#### [Brief]
Here the job is to retype the data word for word while leaving the pictures aside.

#### [Data extract]
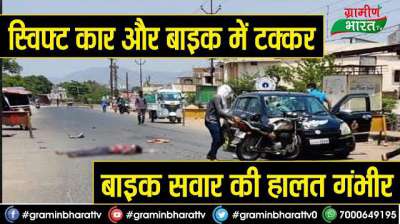 स्विफ्ट कार और बाइक में टक्कर, बाइक सवार की हालत गंभीर
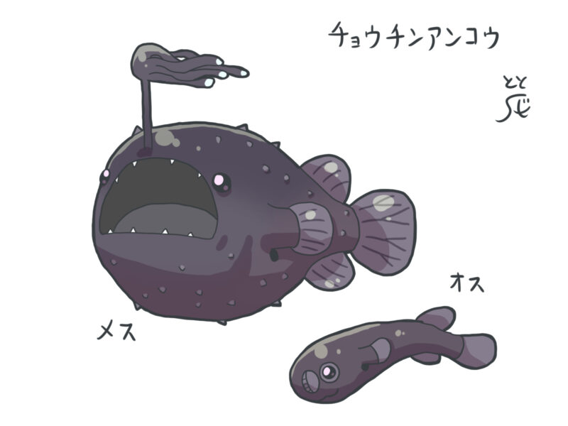 チョウチンアンコウは稚魚の頃は成魚の時よりも浅い場所で生活します。稚魚の時はオスもメスも同サイズで身体はゼリー質に覆われていて、口が発達するまではこれを栄養源にしていると考えられています。
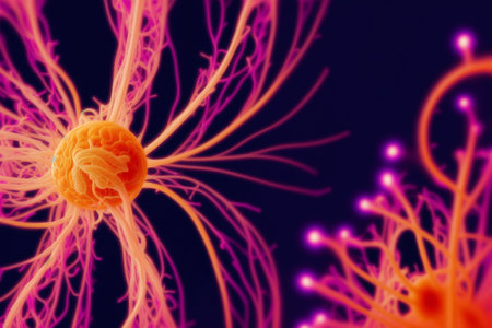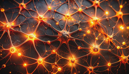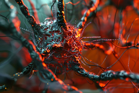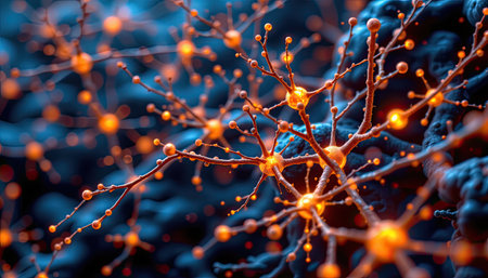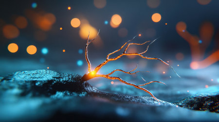 Stunning neurobiology concept with axons and dendrites lit in vivid orange glow

#### [Exercise answer]
 स्विफ्ट कार और बाइक में टक्कर, बाइक सवार की हालत गंभीर
 チョウチンアンコウは稚魚の頃は成魚の時よりも浅い場所で生活します。稚魚の時はオスもメスも同サイズで身体はゼリー質に覆われていて、口が発達するまではこれを栄養源にしていると考えられています。
 Stunning neurobiology concept with axons and dendrites lit in vivid orange glow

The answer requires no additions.